(Task inputs begins)

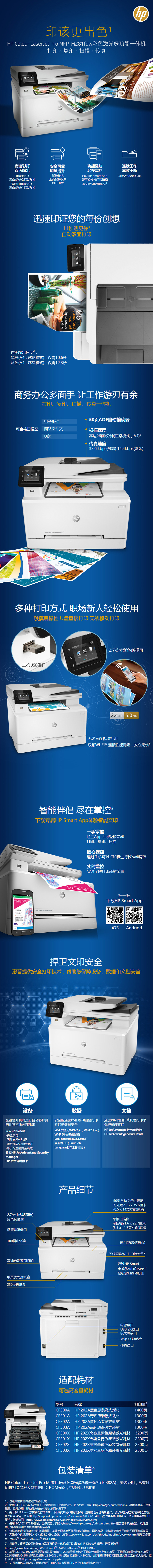 惠普M280nw/M281fdw自动双面无线A4彩色激光办公打印复印一体机
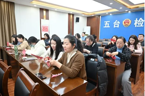 春風拂面,芳華熠熠。3月3日,在第115個“三八”國際婦女節(jié)來臨之際,五臺縣檢察院開展“共護非遺之美 盡展檢花風采”剪紙活動,以指尖藝術(shù)傳遞法治溫度,用文化傳承凝聚巾幗力量?;顒友埧h人大常委會黨組書記、宣傳部部長姚云萍,縣人民政府副縣長李文秀、孫士艷,縣婦聯(lián)主席朱彩虹,縣委宣傳部副部長張淑珍參加。院黨組書記、代檢察長宋志遠參加活動,黨組副書記、主持日常工作的副檢察長牛鵬飛主持活動。
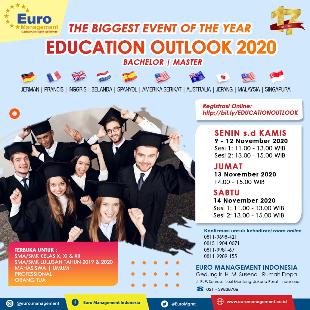 Education Outlook 2020 merupakan kegiatan Sharing Session yang bertujuan untuk mensosialisasikan Program - Program Studi ke Negara - Negara Jerman, Prancis, Inggris, Belanda, Spanyol, Amerika Serikat, Australia, Jepang , Malaysia & Singapura. Pengenalan Budaya dan Sistem pendidikan di Luar Negeri untuk Program S1 (Bachelor) & S2 (Master).
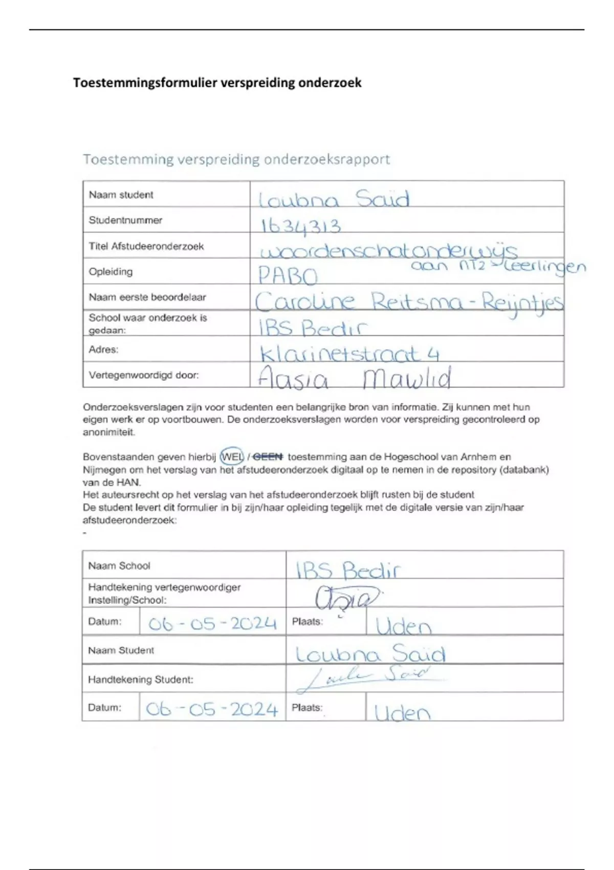 Toestemmingsformulier verspreiding onderzoek
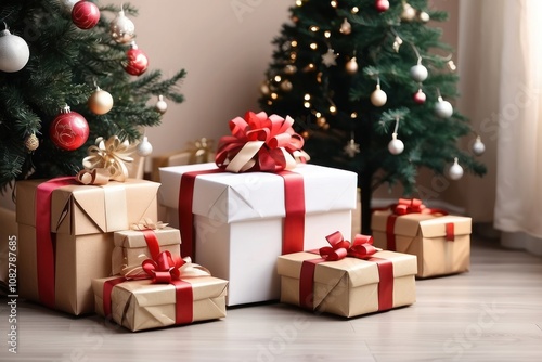 Close-up of Christmas tree with red balls and bokeh in the background. Background with copy space for holiday design.
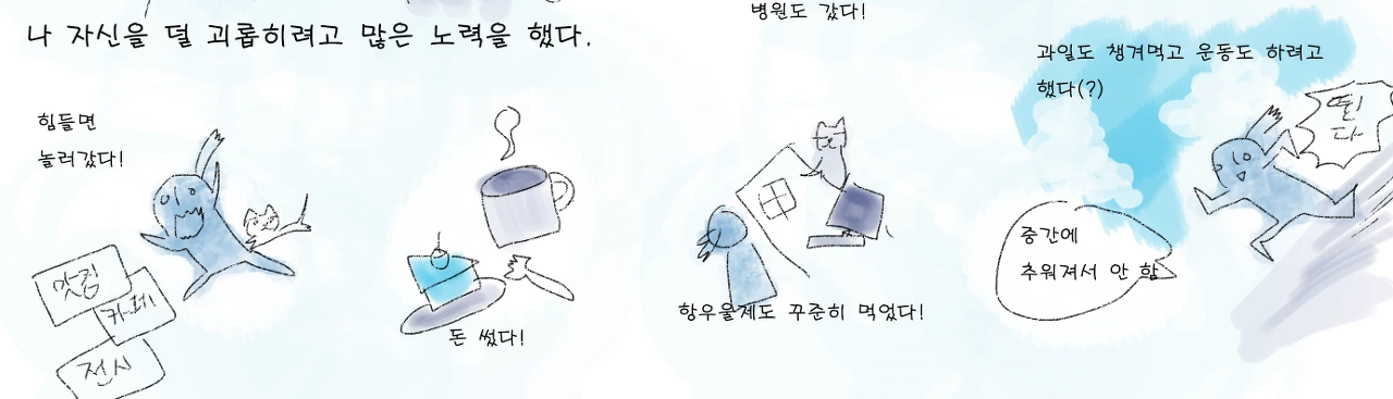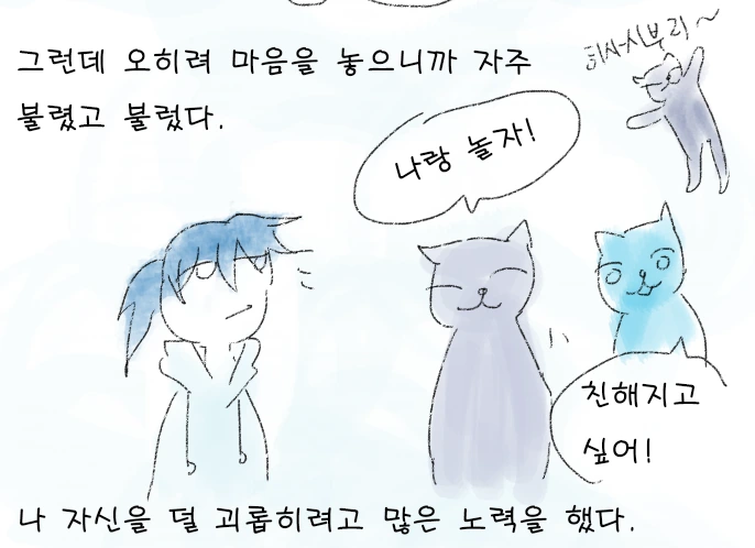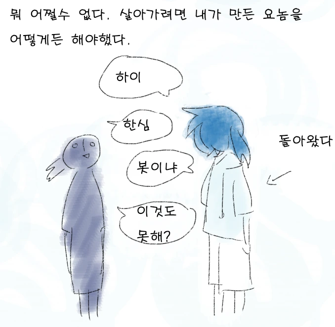 피곤하고 귀찮아서 미루다보니, 31일부터 그렸던 만화를 이제야 마무리했다. 그렇게 채색에 신경쓴 것도 아닌데 이렇게나 시간이 걸리다니 민망하다.
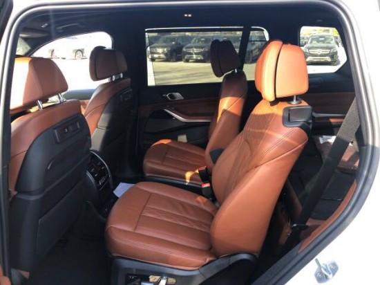 2020款宝马X7白/黄褐 :① 卓越豪华包 (前排座椅通风 按摩 星空全景天窗 施华洛世奇水晶档杆 BMW激光大灯 18项座椅电动调节 空气香氛套件 纳帕真皮仪表盘包裹 躲避辅助系统 车道保持 驾驶辅助acc雷达自动巡航 方向盘和道路控制 前十字交通辅助 手动遮阳帘 冷热杯架 360环影 电吸门 抬头显示 5区空调 远程启动 方向盘加热 )
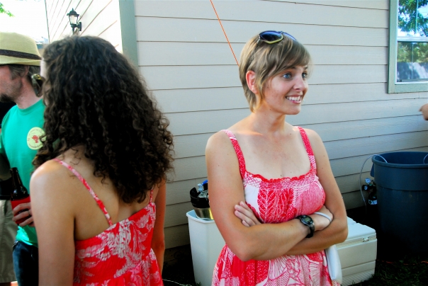 Picture of a scene from a backyard party with a woman looking intrigued in the middle of a conversation
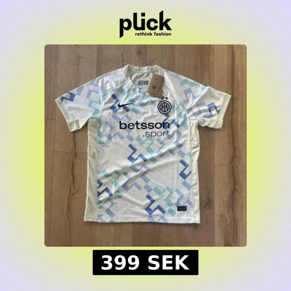 Inter fotbollströja från Nike i vitt med ljusblå och blå geometriskt mönster. Tröjan har korta ärmar, rund hals och broderat Inter-märke på bröstet. Materialet är lätt och andas, perfekt för match eller träning. Snygg detalj med 'Brothers + Sisters' tryck i nacken.
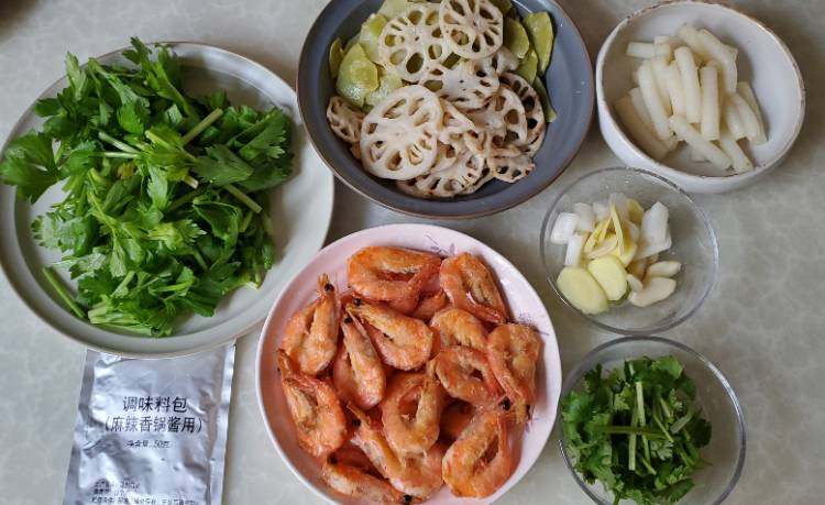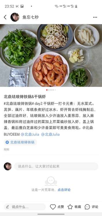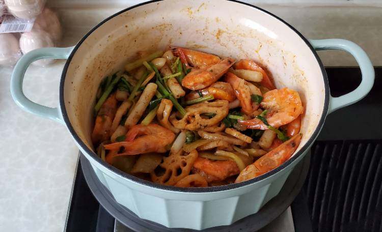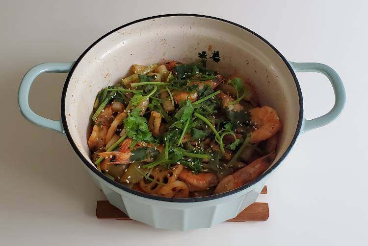 #北鼎珐琅铸铁锅# day2.干锅虾—打卡元素:无水菜式。莴笋、藕片、年糕条煮好过冰水、虾开背去虾线腌制后,全部过油炸好,珐琅锅放入少许油放入姜葱蒜,放入麻辣香锅料将过油炸过的菜加上芹菜煸炒放入虾,盖上锅盖,最后撒白芝麻和少许香菜即可美美食用啦。@北鼎BUYDEEM @北鼎Julia
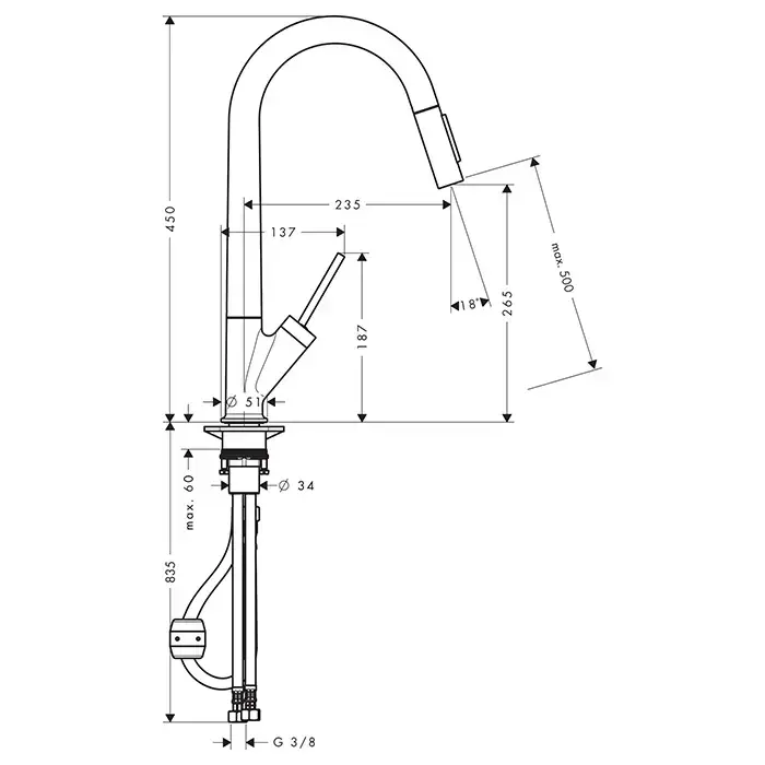 AX Starck Кухонный смеситель 270, с выдвижным душем, Eco, цвет сталь
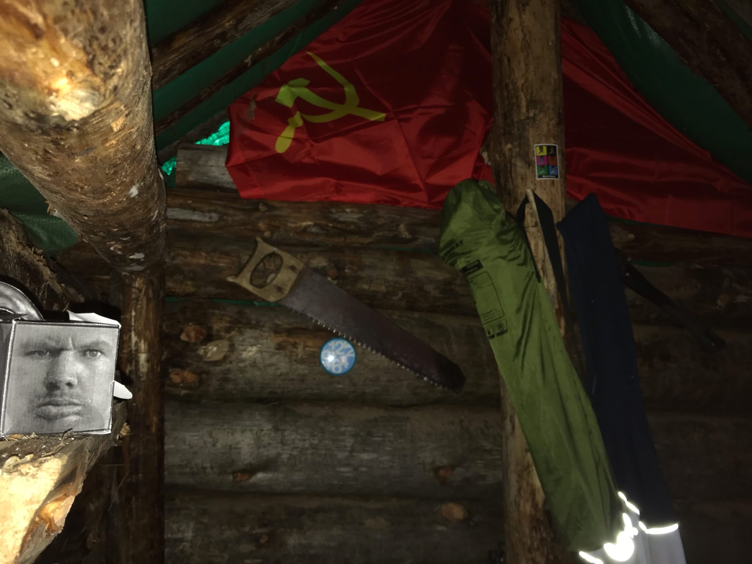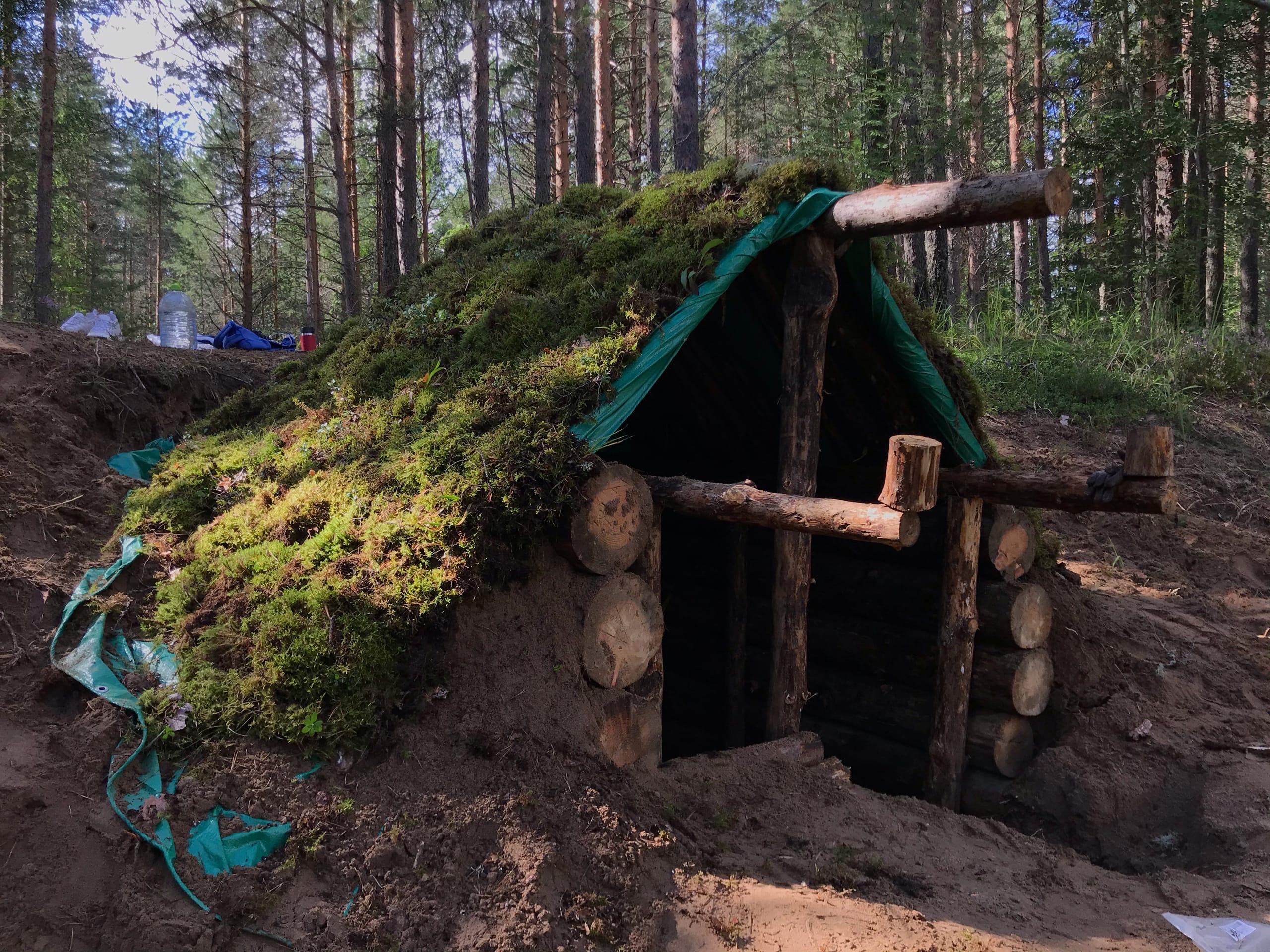 -Помимо топора, лопаты и гвоздей пришлось прикупить строительный тент, чтобы защитить крышу от дождя. -Для скрытия уродливой зеленой хуеты нарвал под трассой мха. -Пластиковое окно-бойница, как в толче у бабки в деревне, спиздил с ближайшей помойки. -Сколотил дверь

(Task inputs ends)

* Exercise requirements *
What you return must match the lines above from the one with "피곤하고 귀찮아서 미루다보니, 31일부터" through the one with "Inter fotbollströja från" exactly, with both ends included and the pictures excluded.

* Final answer *
 피곤하고 귀찮아서 미루다보니, 31일부터 그렸던 만화를 이제야 마무리했다. 그렇게 채색에 신경쓴 것도 아닌데 이렇게나 시간이 걸리다니 민망하다.
 2020款宝马X7白/黄褐 :① 卓越豪华包 (前排座椅通风 按摩 星空全景天窗 施华洛世奇水晶档杆 BMW激光大灯 18项座椅电动调节 空气香氛套件 纳帕真皮仪表盘包裹 躲避辅助系统 车道保持 驾驶辅助acc雷达自动巡航 方向盘和道路控制 前十字交通辅助 手动遮阳帘 冷热杯架 360环影 电吸门 抬头显示 5区空调 远程启动 方向盘加热 )
 Picture of a scene from a backyard party with a woman looking intrigued in the middle of a conversation
 Inter fotbollströja från Nike i vitt med ljusblå och blå geometriskt mönster. Tröjan har korta ärmar, rund hals och broderat Inter-märke på bröstet. Materialet är lätt och andas, perfekt för match eller träning. Snygg detalj med 'Brothers + Sisters' tryck i nacken.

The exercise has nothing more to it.